**Assignment**: Everything in the listing should be set down exactly, apart from the pictures.

**Data extract**:
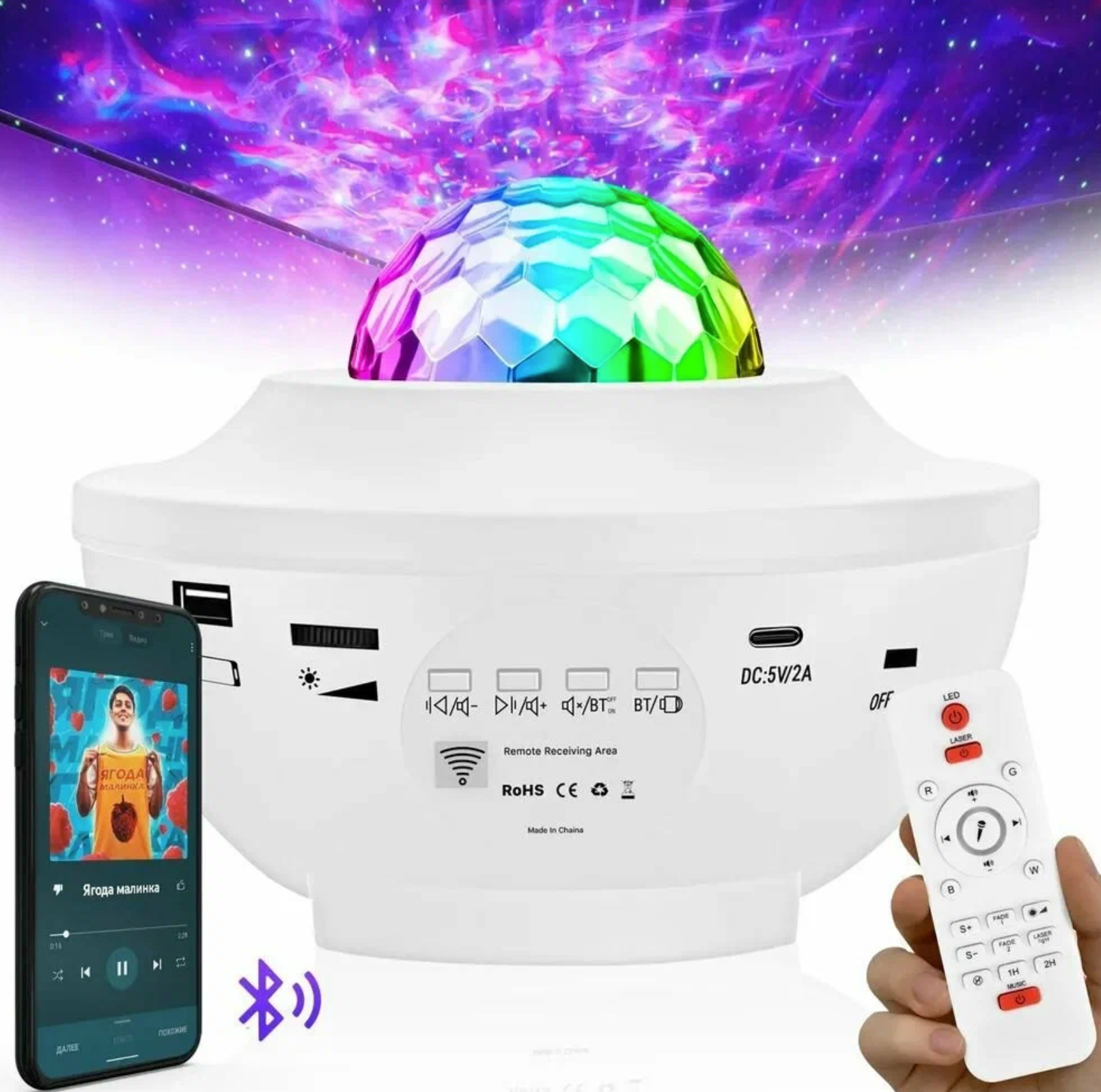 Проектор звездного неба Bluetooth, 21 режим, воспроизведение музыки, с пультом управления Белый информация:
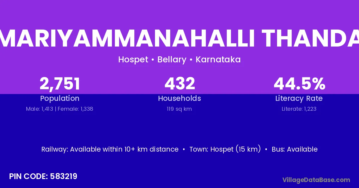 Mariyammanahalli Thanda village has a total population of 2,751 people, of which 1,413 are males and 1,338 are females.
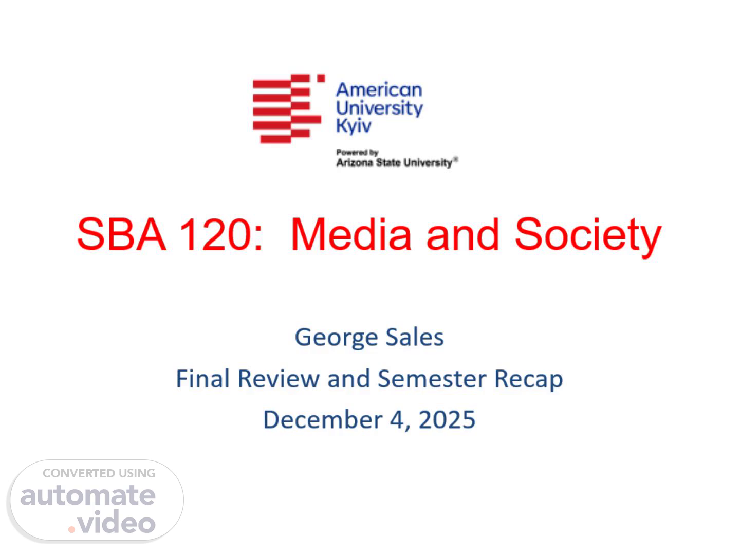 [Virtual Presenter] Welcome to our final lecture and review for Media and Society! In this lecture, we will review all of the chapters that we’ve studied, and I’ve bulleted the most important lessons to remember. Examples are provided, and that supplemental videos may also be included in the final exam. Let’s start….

**The answer**:
 Проектор звездного неба Bluetooth, 21 режим, воспроизведение музыки, с пультом управления Белый информация:
 Mariyammanahalli Thanda village has a total population of 2,751 people, of which 1,413 are males and 1,338 are females.
 [Virtual Presenter] Welcome to our final lecture and review for Media and Society! In this lecture, we will review all of the chapters that we’ve studied, and I’ve bulleted the most important lessons to remember. Examples are provided, and that supplemental videos may also be included in the final exam. Let’s start….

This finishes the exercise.